• **What this task involves**: Reproduce the records. Keep every word exact and include no images.

• **Records**:
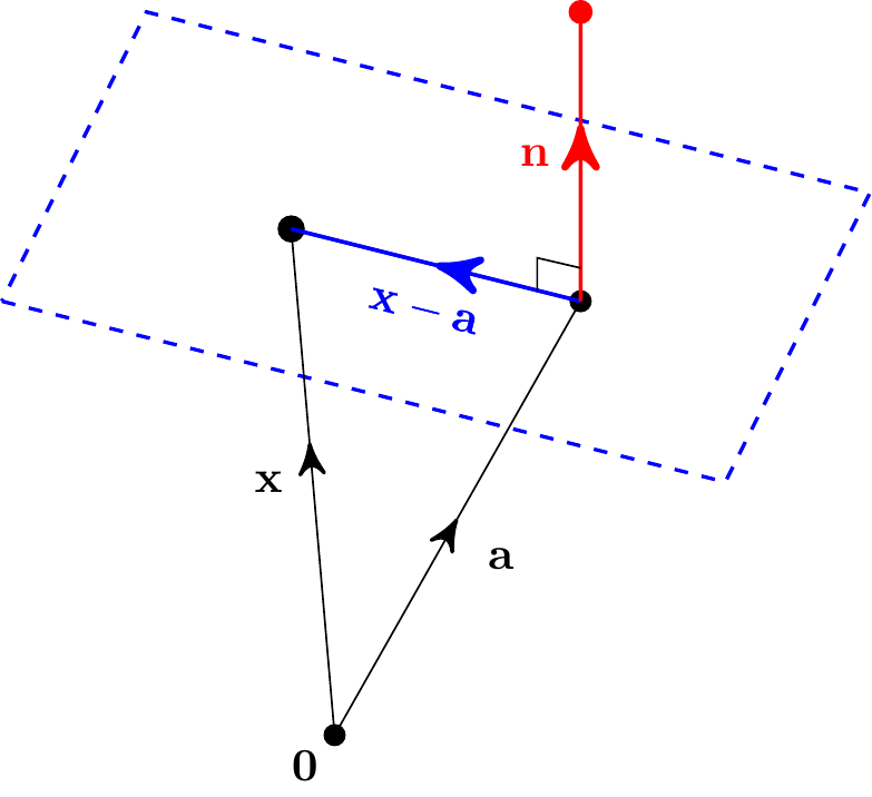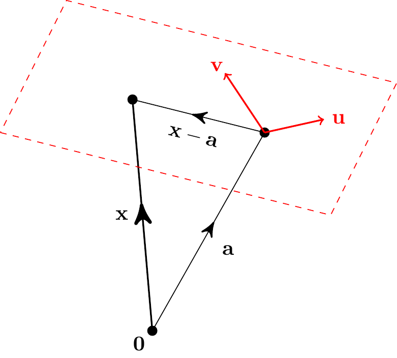 - Distributivity: \({\bf u}\cdot({\bf v}+{\bf w}) = {\bf u}\cdot{\bf v} + {\bf u}\cdot{\bf w}\).
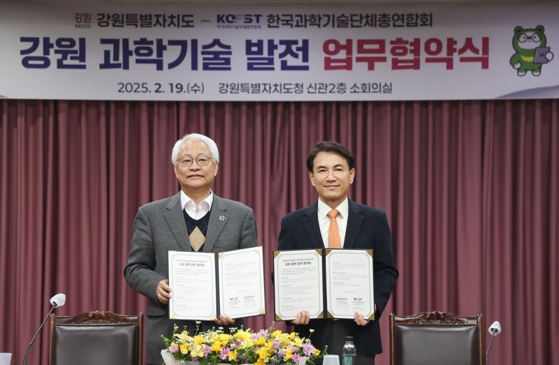 강원도와 한국과총은 19일 도청 본관 소회의실에서 김진태 강원도지사와 이태식 한국과학기술단체총연합회장 등이 참석한 가운데 강원 과학기술 발전 협력을 위한 업무협약을 체결했다.
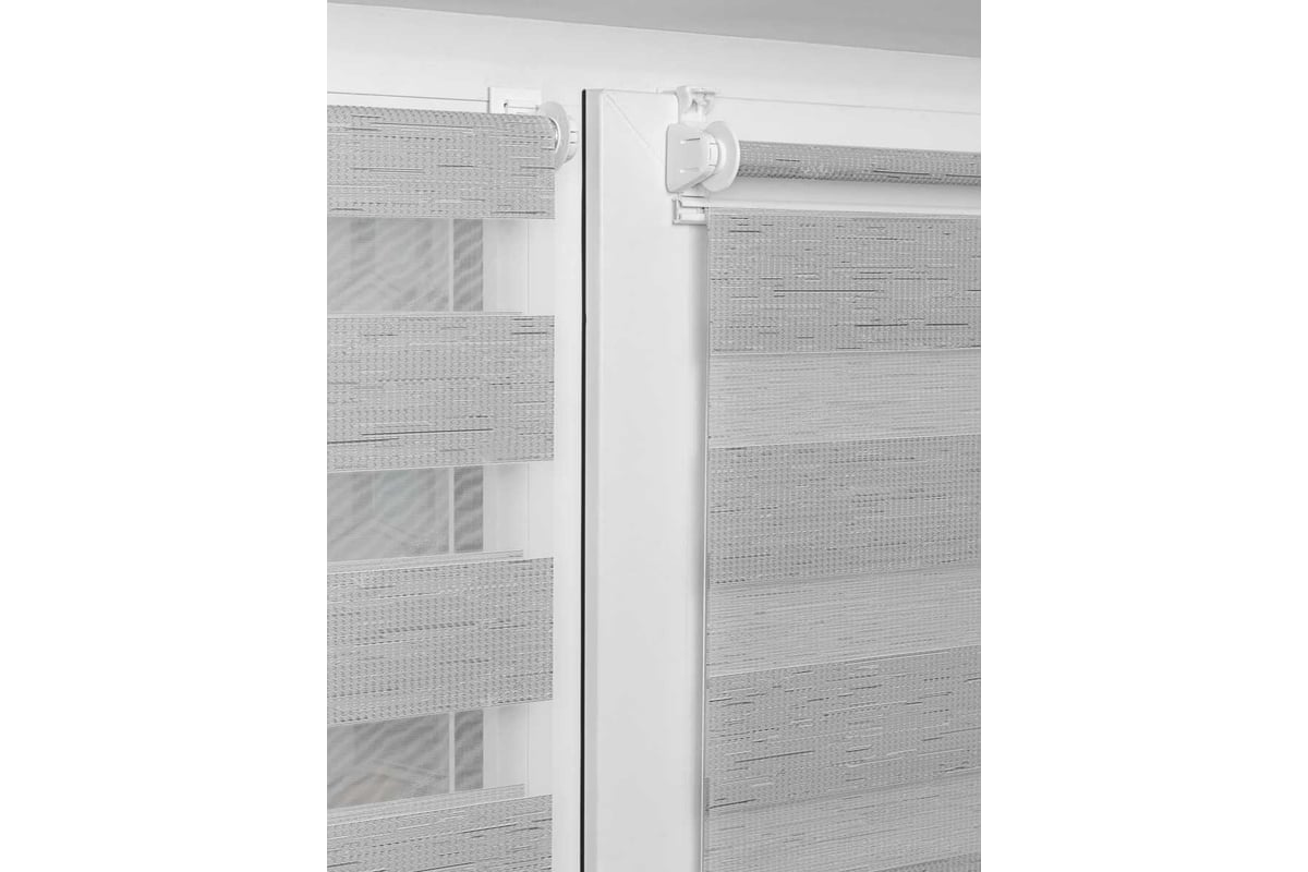 Штора состоит из двух слоев ткани разной прозрачности. Перемещая слои друг относительно друга, можно создать нужный уровень освещения и приватности.
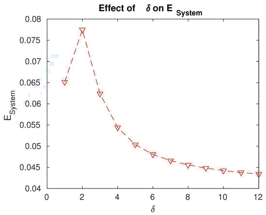 • The system reliability increases with increasing values of δ as expected. The rate at which this increase occurs helps us to decide on the optimum value to be considered when compared to the resources or efforts involved in enhancing the repair facilities; see Figure 7.
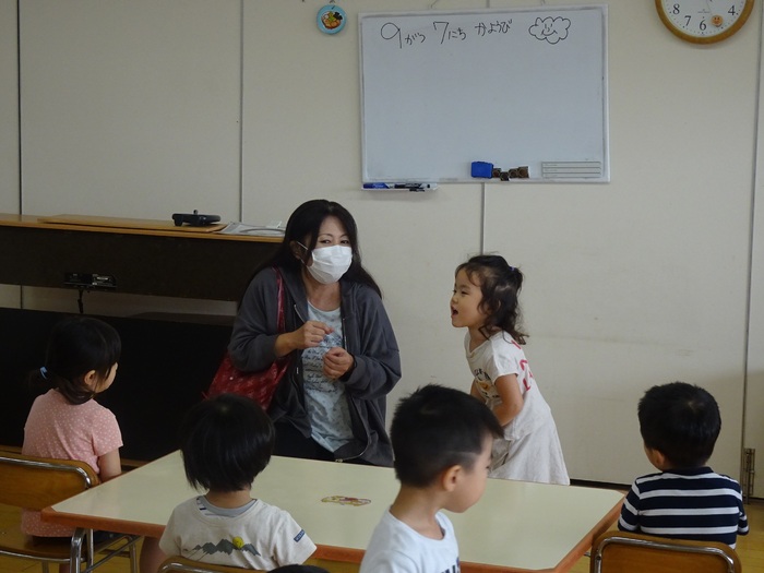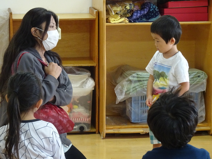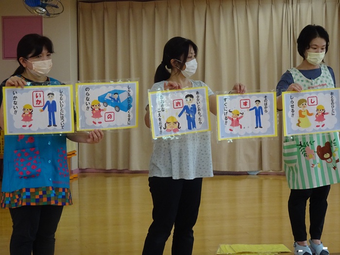 1人で外に出かけることは、危ないことを話し約束をしました。 「いかのおすし」の合言葉でいざという時の逃げ方を教わりました。 いかない のらない おおごえをだす すぐににげる しらせる 良い機会なのでお家でもお話してみて下さい。 | ||
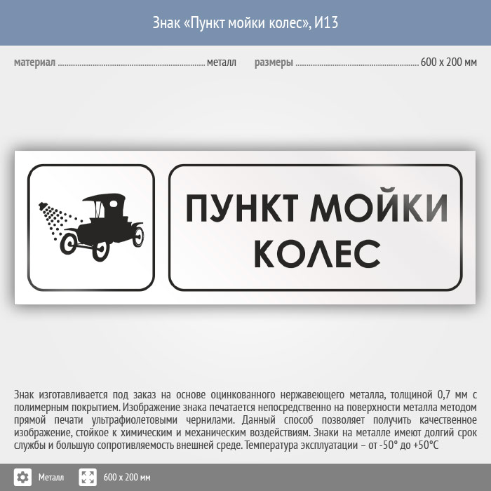 Знак «Пункт мойки колес», И13 (металл, 600х200 мм) в Альметьевске купить
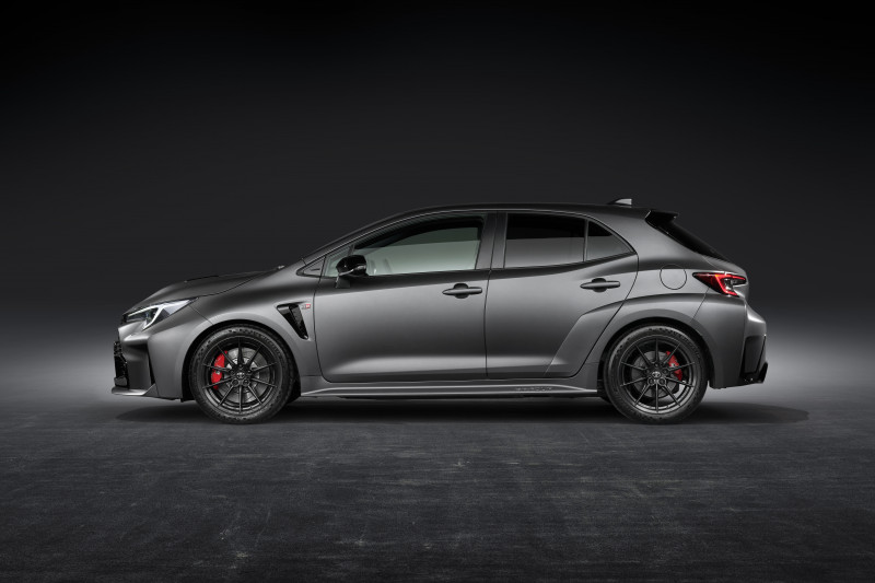 Embora a estrutura básica da carroceria do Corolla hatch tenha sido adotada para o GR Corolla, os para-lamas dianteiro e traseiro são 30 mm mais largos para entregar uma experiência de direção mais empolgante. A grade frontal mais ampla favorece a admissão de ar.
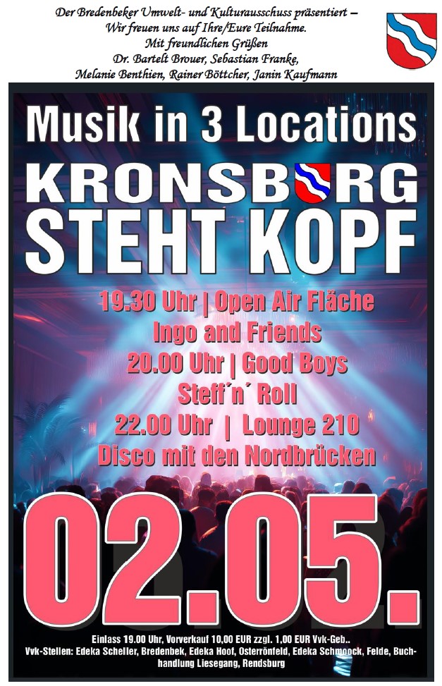 Samstag, 02.05.2026 in Bredenbek OT Kronsburg: "Kronsburg steht Kopf" - Live-Musik in drei Locations Programm: 19:30 Uhr Open Air Fläche: Ingo and Friends 20:00 Uhr Vereinsheim Good Boys: Steff'n'Roll 22:00…
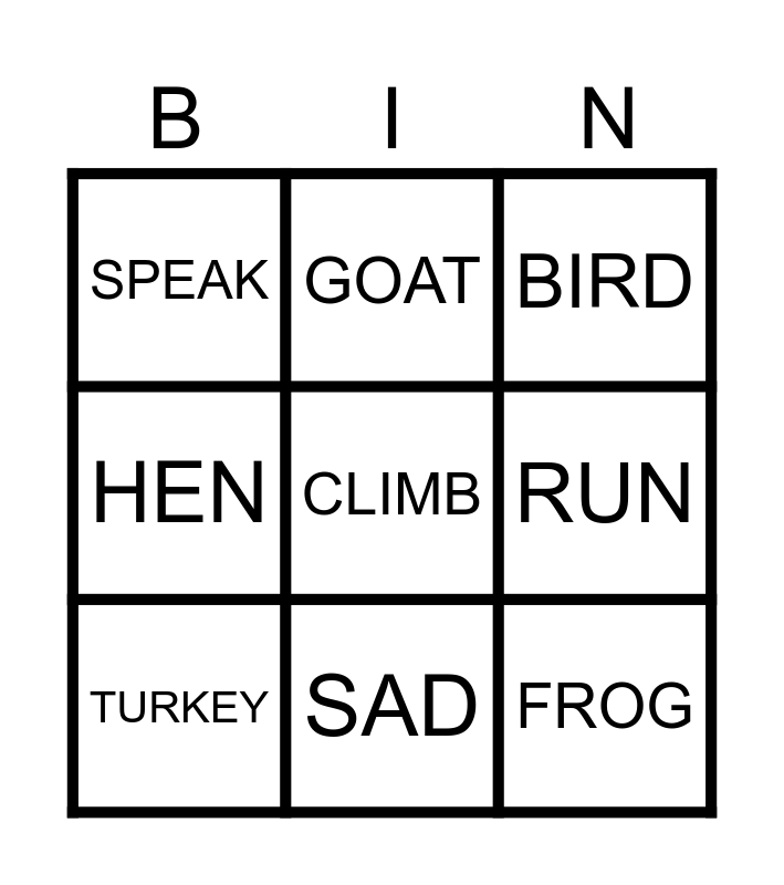 This bingo card has a free space and 8 words: RUN, BIRD, GOAT, TURKEY, SPEAK, FROG, HEN and SAD.

• **Expected answer**:
 - Distributivity: \({\bf u}\cdot({\bf v}+{\bf w}) = {\bf u}\cdot{\bf v} + {\bf u}\cdot{\bf w}\).
 강원도와 한국과총은 19일 도청 본관 소회의실에서 김진태 강원도지사와 이태식 한국과학기술단체총연합회장 등이 참석한 가운데 강원 과학기술 발전 협력을 위한 업무협약을 체결했다.
 Штора состоит из двух слоев ткани разной прозрачности. Перемещая слои друг относительно друга, можно создать нужный уровень освещения и приватности.
 • The system reliability increases with increasing values of δ as expected. The rate at which this increase occurs helps us to decide on the optimum value to be considered when compared to the resources or efforts involved in enhancing the repair facilities; see Figure 7.
 1人で外に出かけることは、危ないことを話し約束をしました。 「いかのおすし」の合言葉でいざという時の逃げ方を教わりました。 いかない のらない おおごえをだす すぐににげる しらせる 良い機会なのでお家でもお話してみて下さい。 | ||
 Знак «Пункт мойки колес», И13 (металл, 600х200 мм) в Альметьевске купить
 Embora a estrutura básica da carroceria do Corolla hatch tenha sido adotada para o GR Corolla, os para-lamas dianteiro e traseiro são 30 mm mais largos para entregar uma experiência de direção mais empolgante. A grade frontal mais ampla favorece a admissão de ar.
 Samstag, 02.05.2026 in Bredenbek OT Kronsburg: "Kronsburg steht Kopf" - Live-Musik in drei Locations Programm: 19:30 Uhr Open Air Fläche: Ingo and Friends 20:00 Uhr Vereinsheim Good Boys: Steff'n'Roll 22:00…
 This bingo card has a free space and 8 words: RUN, BIRD, GOAT, TURKEY, SPEAK, FROG, HEN and SAD.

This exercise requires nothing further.